Most people aren't using abstraction layers, or are using home-brew layers because existing generally available abstraction layers are too slow, do too much, or are too complicated.

PDO Features
Native C code, rather than a PHP-based abstraction helps performance. It also takes advantage of improvements in the PHP 5 internals.

PDO has common database features as a base, and database-specific features are also available.

What Can PDO Do?
In summary: prepared statements, bound parameters, transactions, LOBs, SQLSTATE error codes, flexible errorhandling, and database portability.

PDO supports MySQL. PostgreSQL, ODBC, DB2, OCI, SQLite, and Sybase/FreeTDS/MSSQL.

Wez then talked about how to use PDO. I'll spare you pages and pages of PHP code, which I'm sure is given in examples on the PHP website.

PDO maps error codes from the database-specific format to standard ANSI SQLSTATE error codes. In the case of errors, PDO also has three error handling strategies: silent (by defaut), displaying warnings, and throwing exceptions.

PDO implements forward-only cursors by default. (This is similar to mysql_unbuffered_query.) This makes them fast, since you don't have to wait for all the data to come from the network, but it also means that you don't know how many rows there are until you've fetched all the data. It also means that you can't initiate another query until you finish fetching all the data, and it's possible that it might cause other queries to block because the database is still busy servicing your initial query. You can also request buffered queries (like mysql_query) instead.

PDO implements iterators: foreach($dbh->query(...) as $row) {}. Kinda neat, especially since 95% of the time, I wind up doing while($row = mysql_fetch_*()) anyway.

PDO handles LOB support via streams. Database support permitting, you can potentially stream content to or from the database without first having to load it entirely in PHP. For example, you could select an image from the database and fpassthru() it to the browser, or fopen() a file from the filesystem and stream it into the database without having to file_get_contents(). This cuts down on both memory usage and latency.
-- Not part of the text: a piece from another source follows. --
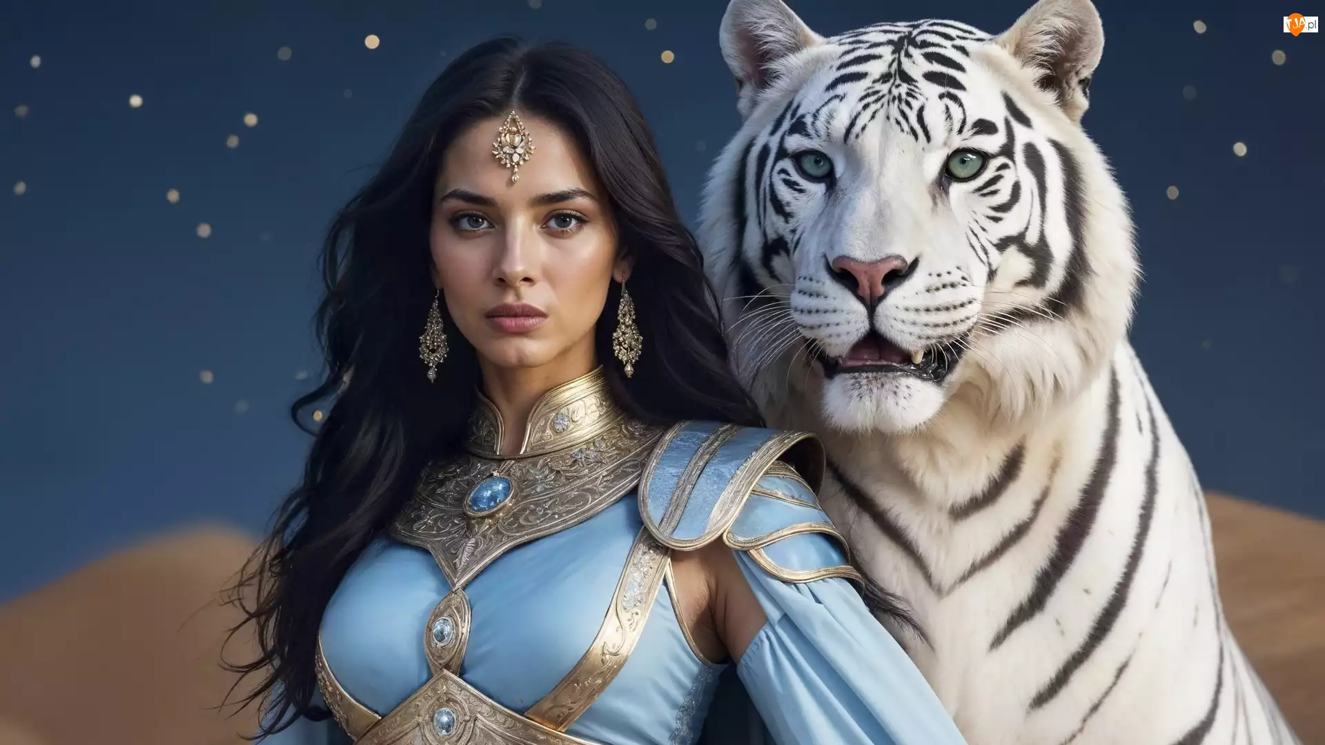 Niebieska, Dziewczyna, Biżuteria, Tygrys, Sukienka, Biały

This talk actually has me excited about PDO now, and I'm going to look into implementing it in my applications where possible.
(Leave a comment)

ZendCon - Movable Walls

It's a rather interesting experience to be sitting in a room, and have its configuration change by having the movable walls expand or collapse. One moment, you're in a giant, cavernous room; the next, you're in a room a third its size, with a wall 10 feet away.

On the plus side, it turns out that there's a power strip plugged in in the middle of the room. And fortunately, all the sessions I've been to today have been in that part of the conference room, so I've not had the power issues today that I did yesterday.

The wireless mikes are still having issues, though. I don't think I've been to a single session or talk today where the mikes didn't have an issue at some point.
(Leave a comment)

ZendCon Session Notes - Keynote - The MashUp Economy: What are you waiting for?

Presented by David Berlind (ZDNet)

David's Law of Economics
"Those who handle the most amount of heavy lifting, but do the least amount of it win big*"

*If you're in bettween, perhaps it's time to rethink life.

Ecosystems
Ecosystems are a cycle, starting with artists, who create a user experience, which attracts consumers, which generate additional artists.

A healthy ecosystem also generates an arms race of technologies and companies using it; media interest; research; venture funding; and conferences and events.

Mashup Defined
Two or more disparate sources of content* or functionality are blended** to form a unique user experience*** that's usually substantially different from any of the original sources

*Dave's opinion: data qualifies as content. (I share this opinion; it seems almost obvious.)
** sometimes refered to as remixing
*** audio, visual, or a combination thereof qualifies

"Mashups" are just a trendy term; we've been doing similar things for years: newspaper articles that quote other press; productions like Forest Gump (where Gump is shown shaking hands with the president); consumer video and animation; music (which is where the term originated); software.

Key Enabler
The better the tools are, the easier it is for anyone to do it. (This reminds me of the quote "Make easy things easy; make hard things possible.")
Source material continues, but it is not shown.